I just run over the a strange matlab phenomenon and I am quite
interested if this is a bug or a feature :)
so, when filtering an image with some 2D kernel (eg Gaussian) the Matlab
"imfilter" function tries to separate the 2D kernel into two 1D kernels
for speedup. But this is only done if the kernel AND the image are
two-dimensional. This actually means that when filtering and RGB (3
layered) image with a 2D kernel then no kernel separation is applied.
when filtering a grayscale image only, separation is applied.
Is there a reason or is this just a bug (in fact if eg using a 30x30
kernel, the separation yield a speedup factor of about 10).
roli
ps: if important, i am using matlab 7.2.0.232 (R2006a)
Bug or feature? Depends on your perspective, I guess.
Ship an unoptimized function foobar in release N. (For example, the
original imfilter did not do automatic separability determination at all.)
Optimize foobar for some cases in a later release.
Now, is the fact that foobar can be optimized more than it is now a bug?
From my point of view, I'd prefer to call it an enhancement request. :-)
Anyway, thanks for pointing this out. It fits in with other performance
improvements that we want to make to imfilter, some of which have been
discussed recently in this newsgroup.
--
Steve Eddins
http://blogs.mathworks.com/steve
> Anyway, thanks for pointing this out. It fits in with other performance
> improvements that we want to make to imfilter, some of which have been
> discussed recently in this newsgroup.
ok, thanks for your answer, i am satisfied
regards, roli
By the way, upgrade to R2006b. I just lost half a day playing around
with the debugger examining my variables in MATLAB only to find out I
was wasting my time on a bug. The bug is that a uint8 variable
displays as -1 in the Workspace if it's really 255. Try this and
you'll see what I mean
wrongDisplay = uint8(255)
It will show in the command line as 255 but in the Workspace as -1.
However if you double-click on it in the Workspace it will bring up the
ArrayEditor and correctly show it there as 255. And we all know how
often we deal with 255 when dealing with images. This bug was fixed in
R2006b.
Regards,
ImageAnalyst
============================================================
Yes, that's right. Filtering an M-by-N image with a P-by-Q kernel
requires about MNPQ multiplies and adds, assuming we don't use FFTs. If
you filter first with a P-by-1 kernel and then with a 1-by-Q kernel,
that's about MNP + MNQ mults and adds, or MN(P+Q).

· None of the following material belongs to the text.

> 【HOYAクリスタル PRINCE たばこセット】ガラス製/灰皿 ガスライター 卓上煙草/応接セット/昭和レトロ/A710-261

If the kernel is 7-by-7, that's 3.5x fewer operations.
>Does the number of multiplications and additions come down if done with
>two 1D kernels rather than doing it in one shot using 2D convolution?

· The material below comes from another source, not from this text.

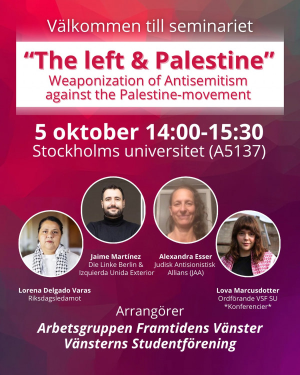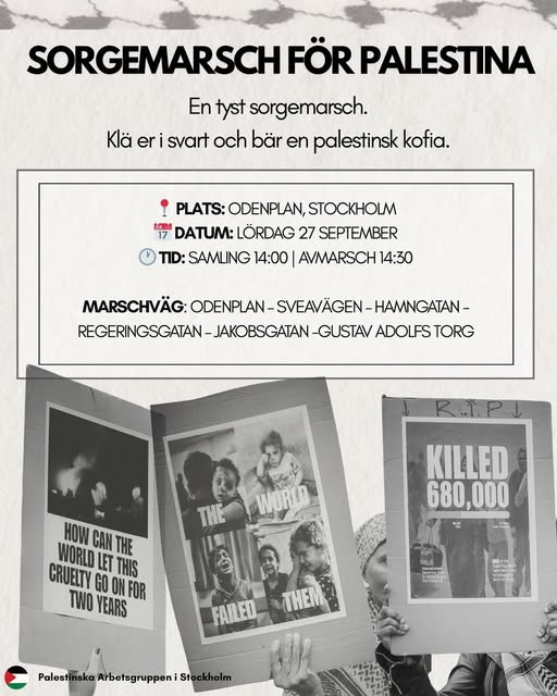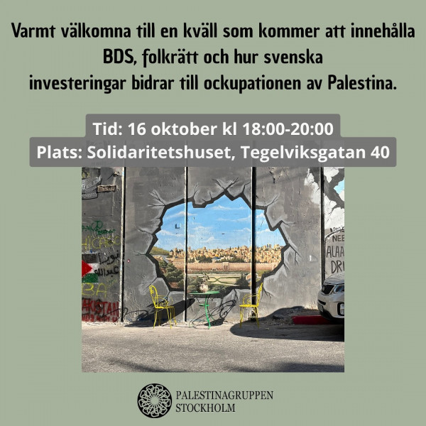 Efter det kommer Jakob König från Fair Finance Guide berätta om hur vi kan hindra svenska investeringar från att bidra till ockupationen och det pågående folkmordet i Gaza, och hur man som individ kan påverka genom sina val gällande pensionsfonder och bank.
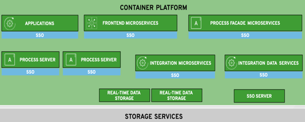 The other component of integration architecture is the container platform. The container platform is used to provide one common environment for the developers so that they can manage the applications, services, security, process integration and other integration points using one common platform.

>I am just wondering if that might be the reason.
>Please let me know.
Well, have you tried to calculate this yourself? It should take only a
few minutes.
For a simplified example, assume that the image and filter kernel are
square (generalizing this to rectangles is pretty obvious). Suppose the
image is NxN pixels and the filter kernel is MxM pixels.
Doing a single convolution operation at one image pixel location
requires MxM multiply-add operation. So processing the whole image
costs N*N * M*M multiply-adds.
If the 2D filter kernel can be decomposed into the product of two 1D
filters, they will be 1xM and Mx1. Convolving one image pixel with one
filter costs M multiply-adds, so filtering the entire image with one
filter costs N*N * M of these operations. But there are two filters
which need to be applied in succession, so the total cost is
N*N * M*2 multiply-adds.
Now compare the two total costs. The two 1D filters cost 2/M times as
much as the 2D filter.
This is a no advantage for a 2x2 kernel, a small advantage for a 3x3 or
4x4 kernel, and a really big speedup for a 128x128 kernel.
Unfortunately, most larger 2D filters used in image processing are radially
symmetric, and most radially symmetric filters are not separable, so you
can't use this optimization on them. But 2D Gaussians *are* separable
(into two 1D Gaussians) and radially symmetric, so there's an advantage
to using a Gaussian filter when you can.
Dave
With Regards,
Abhishek S
If you have MATLAB, take a look at the code for the filter function. It
uses the singular value decomposition. There's similar code in the
imfilter function, which is in the Image Processing Toolbox.